Julie Drizin/@AIRMQ2 said...

Hi Rob. Provocative post, as always. One correction; This is the 4th year of the Knight News Challenge (not the 2nd).

On the issue of bringing business sensibilities to public purpose media: I agree that people engaging in innovative information start-ups and projects need to plan carefully and follow some basics of good business practices, but these projects also take place in the context of creative cultures of collaboration and some elements of the "business world" just don't apply.

I also wonder how you define sustainability in this rapidly shape-shifting media world. Not all media is meant to institutionalize and last forever, but that doesn't detract from its value or impact on "users" or the larger media ecosystem.

Amanda said...

Rob, I agree with much of what you say.

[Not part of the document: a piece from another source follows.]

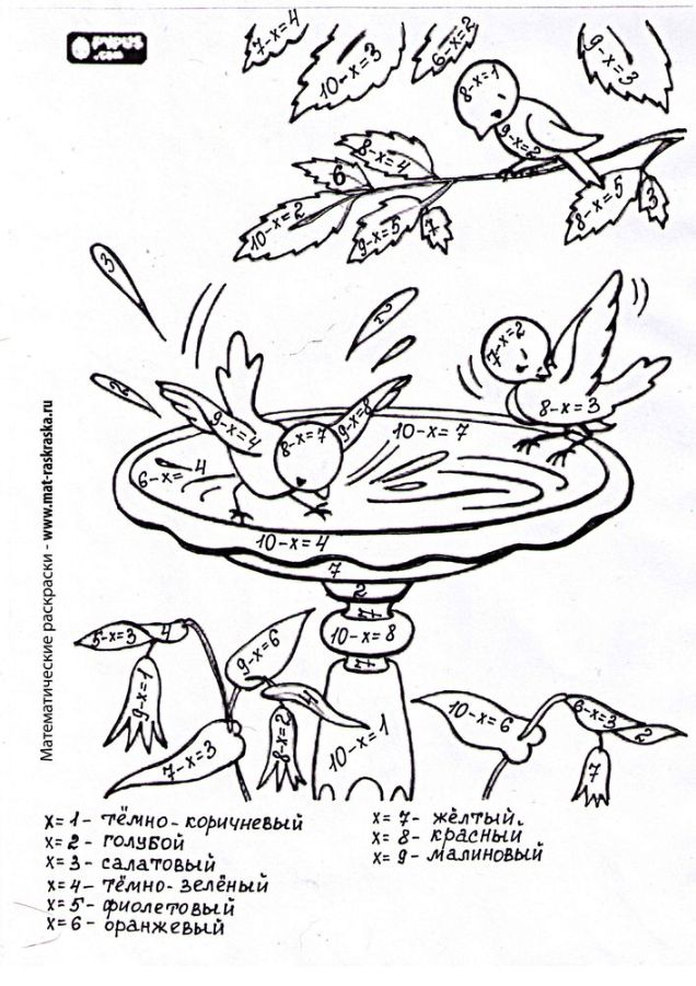 Понравились математические раскраски? Предлагаем Вам посмотреть раскраски по русскому языку и другим предметам: https://www.mat-raskraska.ru/products
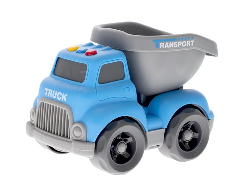 Auto sklápačka o veľkosti 16 cm pre najmenšie deti od 18 mesiacov. Auto je vybavené svetelnými aj zvukovými signálmi. Autíčko je ladené do šedo-modrej farby.

The problem is that we really need a comprehensive business plan for public media, overall... and no one is empowered to enact such a thing. Clever people creating business plans in pockets all over the public media landscape is, at the end of the day, a lot of wasted cleverness and effort if there isn't a unified strategy.

For example, if a distributor's business plan takes a certain position on digital rights... and a producer's business plan takes another... and they run counter to each other... then the fact that each org has its own very smart metrics and revenue models doesn't really help us move forward in a constructive way.

Instead, we have in-fighting, and inefficiency.

I believe the power of public media comes when we can make a collective play (or plays) that leverage(s) all of our assets, working in unison. But we are obviously far from being organized to achieve such unity. And we are therefore far from being able to operate in the strategic manner you describe.

On a lighter note, I feel compelled to share that the "word verification" word that is appearing for me on your site right now is...fartic.